Под конец вечера мы напились настолько, что перепутали собственные комнаты. Я проснулся на постели Костика, он - где-то на полу в коридоре. Согласились ли мы на авантюру Гоши, никто уже и не помнил. Кроме меня. У меня зрел мой собственный, глупый и очень амбициозный план. Все дело в том, что я собрался своих товарищей напугать.

***

- А зачем?

- Ну, внучка, просто так. Это же будет весело, думал я. Я буду храбрый, они нет. Потом я им расскажу, и они будут долго ругаться, - но они будут напуганные, значит, им будет стыдно.

- Странно.

- Да, странно. Я ж говорю, мальчишки вообще непостижимые. И никогда не перестают быть мальчишками. Только размер игрушек меняется. Сегодня машинка с ладонь, завтра грузовик размером с дом. Что то, что это - смешная бибика, которая делает “врум”.

- Дурость какая-то.

- Она самая. Ну, у вас, у девочек, так же.

- Нет.

- Да, Танюша, да, - сел дед, - Сначала ты куклу одеваешь, потом - мужа. А дальше - детей. Одна и та же игра.

- А что муж?

- Ну как же. Большая кукла, с которой можно делать все, что захочешь. Интересно же, да?

- Да…

- А еще можно делать то, что захочет она, - хитро улыбнулся старик, - И так иногда даже интереснее. Обычные куклы же не жалуются, что им что-то не нравится?

- Нет.

- Вот поэтому с людьми всегда интереснее. Игры остаются все те же, игрушки меняются.

- А что с красным домом?

- Решил я забраться в подвал. Сесть там в закутке, и когда остальные пацаны зайдут, начать что-то нести. Какую-нибудь чушь. Вот вроде того, что Влад рассказывал. Понятное дело, что ему привиделось, не верил я ни на грамм. Да и никто из нас толком не поверил - даже он сам склонялся к тому, что ему почудилось. Но я-то могу их всех обмануть, правильно?

***

Завтра пары были с утра. Влад был прав - напиваться было не лучшей идеей, С утра на курилке мы даже не разговаривали - только болезненно мычали и сочувственно кивали друг дружке. Мне было, правда, попроще. После первой пары у меня была форточка, и можно было сходить в магазин хотя бы за минералкой. Ну и, конечно, начать претворять в жизнь свой коварный план по обману друзей. Даже в таком состоянии я все еще гордился своей выдумкой и радостно смаковал ее в голове.

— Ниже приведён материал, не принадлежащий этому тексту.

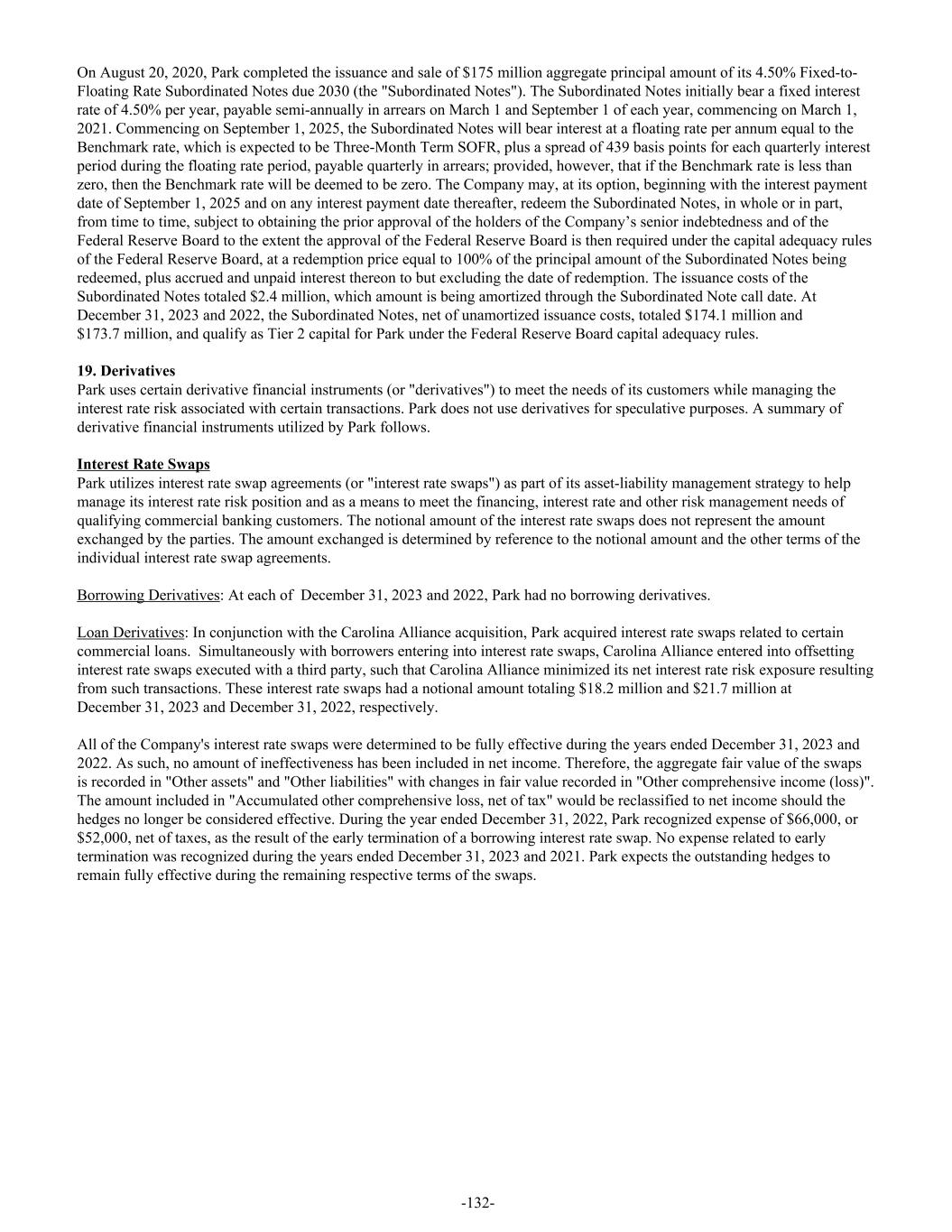 On August 20, 2020, Park completed the issuance and sale of $175 million aggregate principal amount of its 4.50% Fixed-to- Floating Rate Subordinated Notes due 2030 (the "Subordinated Notes"). The Subordinated Notes initially bear a fixed interest rate of 4.50% per year, payable semi-annually in arrears on March 1 and September 1 of each year, commencing on March 1, 2021. Commencing on September 1, 2025, the Subordinated Notes will bear interest at a floating rate per annum equal to the Benchmark rate, which is expected to be Three-Month Term SOFR, plus a spread of 439 basis points for each quarterly interest period during the floating rate period, payable quarterly in arrears; provided, however, that if the Benchmark rate is less than zero, then the Benchmark rate will be deemed to be zero. The Company may, at its option, beginning with the interest payment date of September 1, 2025 and on any interest payment date thereafter, redeem the Subordinated Notes, in whole or in part, from time to time, subject to obtaining the prior approval of the holders of the Company’s senior indebtedness and of the Federal Reserve Board to the extent the approval of the Federal Reserve Board is then required under the capital adequacy rules of the Federal Reserve Board, at a redemption price equal to 100% of the principal amount of the Subordinated Notes being redeemed, plus accrued and unpaid interest thereon to but excluding the date of redemption. The issuance costs of the Subordinated Notes totaled $2.4 million, which amount is being amortized through the Subordinated Note call date. At December 31, 2023 and 2022, the Subordinated Notes, net of unamortized issuance costs, totaled $174.1 million and $173.7 million, and qualify as Tier 2 capital for Park under the Federal Reserve Board capital adequacy rules. 19. Derivatives Park uses certain derivative financial instruments (or "derivatives") to meet the needs of its customers while managing the interest rate risk associated with certain transactions. Park does not use derivatives for speculative purposes. A summary of derivative financial instruments utilized by Park follows. Interest Rate Swaps Park utilizes interest rate swap agreements (or "interest rate swaps") as part of its asset-liability management strategy to help manage its interest rate risk position and as a means to meet the financing, interest rate and other risk management needs of qualifying commercial banking customers. The notional amount of the interest rate swaps does not represent the amount exchanged by the parties. The amount exchanged is determined by reference to the notional amount and the other terms of the individual interest rate swap agreements. Borrowing Derivatives: At each of December 31, 2023 and 2022, Park had no borrowing derivatives. Loan Derivatives: In conjunction with the Carolina Alliance acquisition, Park acquired interest rate swaps related to certain commercial loans. Simultaneously with borrowers entering into interest rate swaps, Carolina Alliance entered into offsetting interest rate swaps executed with a third party, such that Carolina Alliance minimized its net interest rate risk exposure resulting from such transactions. These interest rate swaps had a notional amount totaling $18.2 million and $21.7 million at December 31, 2023 and December 31, 2022, respectively. All of the Company's interest rate swaps were determined to be fully effective during the years ended December 31, 2023 and 2022. As such, no amount of ineffectiveness has been included in net income. Therefore, the aggregate fair value of the swaps is recorded in "Other assets" and "Other liabilities" with changes in fair value recorded in "Other comprehensive income (loss)". The amount included in "Accumulated other comprehensive loss, net of tax" would be reclassified to net income should the hedges no longer be considered effective. During the year ended December 31, 2022, Park recognized expense of $66,000, or $52,000, net of taxes, as the result of the early termination of a borrowing interest rate swap. No expense related to early termination was recognized during the years ended December 31, 2023 and 2021. Park expects the outstanding hedges to remain fully effective during the remaining respective terms of the swaps. -132-

Сама пара прошла нормально. Препод уныло бубнил нам про какие-то теоремы с таким видом, будто и у него вчера вечерок выдался еще тот. Половина группы на ушах стояла, а он даже не реагировал. Ну а я тихонечко посапывал на последней парте, подперев голову кулаком. То ли волшебная сила образования сработала, то ли я доспал причитающееся, но вышел я с лекции довольно бодрый и свежий. Покурил, перекинулся парой слов с друзьями.

- Ну что, план в силе?

- Твои планы, Гоша, хуже атомной войны.

- Встречаемся в три, не забудьте!

Влад только молчаливо пожал плечами. Страх у него немного поблек уже, и он и сам считал, что ему то ли почудилось, или и правда сидели какие-то наркоманы в подвале. А я глупо улыбался.

- Чего лыбишься-то?

- Ну вот прикинь, заходим мы туда, а там ничего. Приключение века.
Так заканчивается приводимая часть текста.